• What you have to do:
All of the listing should be output exactly, apart from the pictures.

• Data extract:
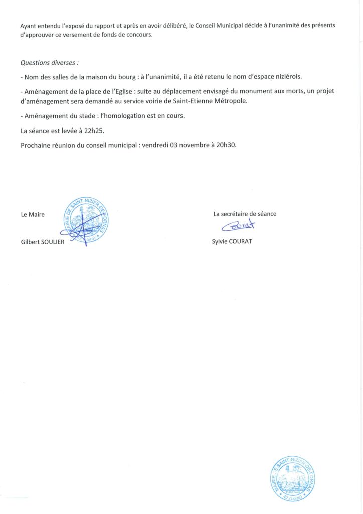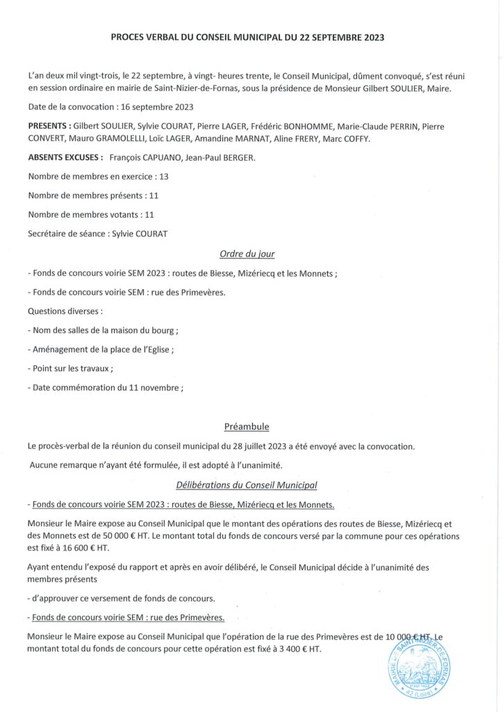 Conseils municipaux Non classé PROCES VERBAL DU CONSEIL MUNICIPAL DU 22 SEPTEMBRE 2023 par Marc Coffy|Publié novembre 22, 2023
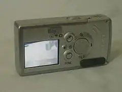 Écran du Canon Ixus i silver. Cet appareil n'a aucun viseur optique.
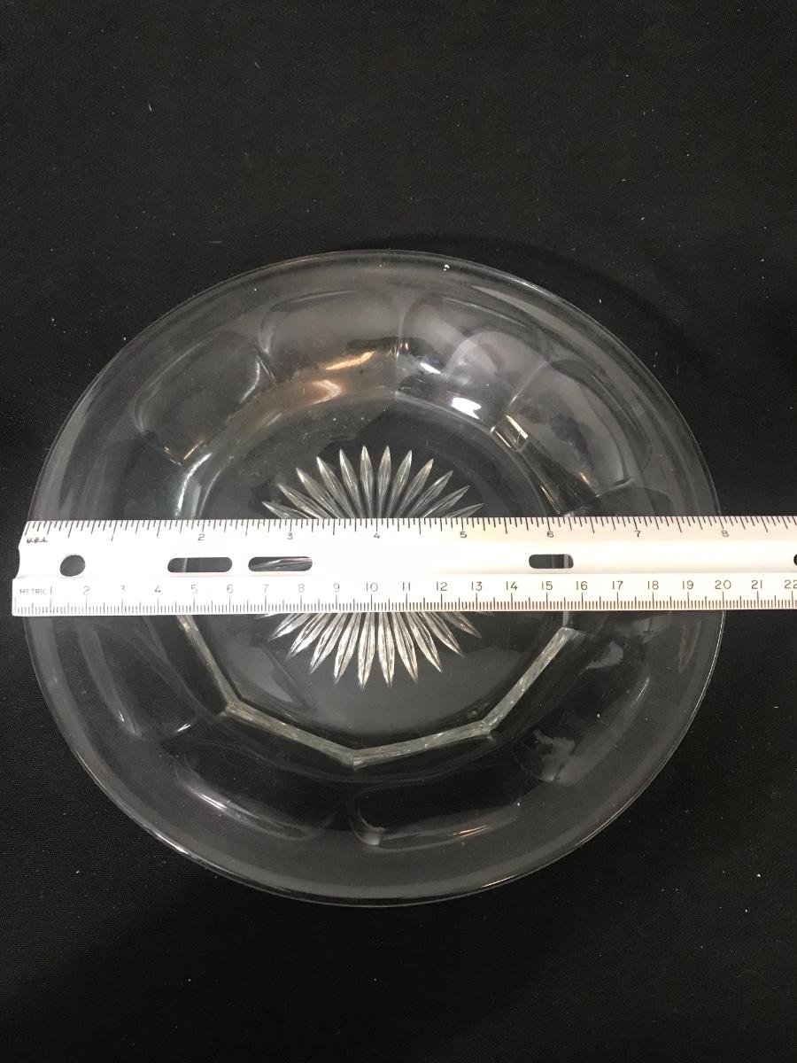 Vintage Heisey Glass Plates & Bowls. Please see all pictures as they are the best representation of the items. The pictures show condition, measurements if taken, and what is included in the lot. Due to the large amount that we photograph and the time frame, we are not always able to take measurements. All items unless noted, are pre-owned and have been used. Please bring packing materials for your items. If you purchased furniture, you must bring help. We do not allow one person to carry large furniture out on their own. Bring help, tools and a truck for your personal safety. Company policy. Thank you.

• Answer below:
 Conseils municipaux Non classé PROCES VERBAL DU CONSEIL MUNICIPAL DU 22 SEPTEMBRE 2023 par Marc Coffy|Publié novembre 22, 2023
 Écran du Canon Ixus i silver. Cet appareil n'a aucun viseur optique.
 Vintage Heisey Glass Plates & Bowls. Please see all pictures as they are the best representation of the items. The pictures show condition, measurements if taken, and what is included in the lot. Due to the large amount that we photograph and the time frame, we are not always able to take measurements. All items unless noted, are pre-owned and have been used. Please bring packing materials for your items. If you purchased furniture, you must bring help. We do not allow one person to carry large furniture out on their own. Bring help, tools and a truck for your personal safety. Company policy. Thank you.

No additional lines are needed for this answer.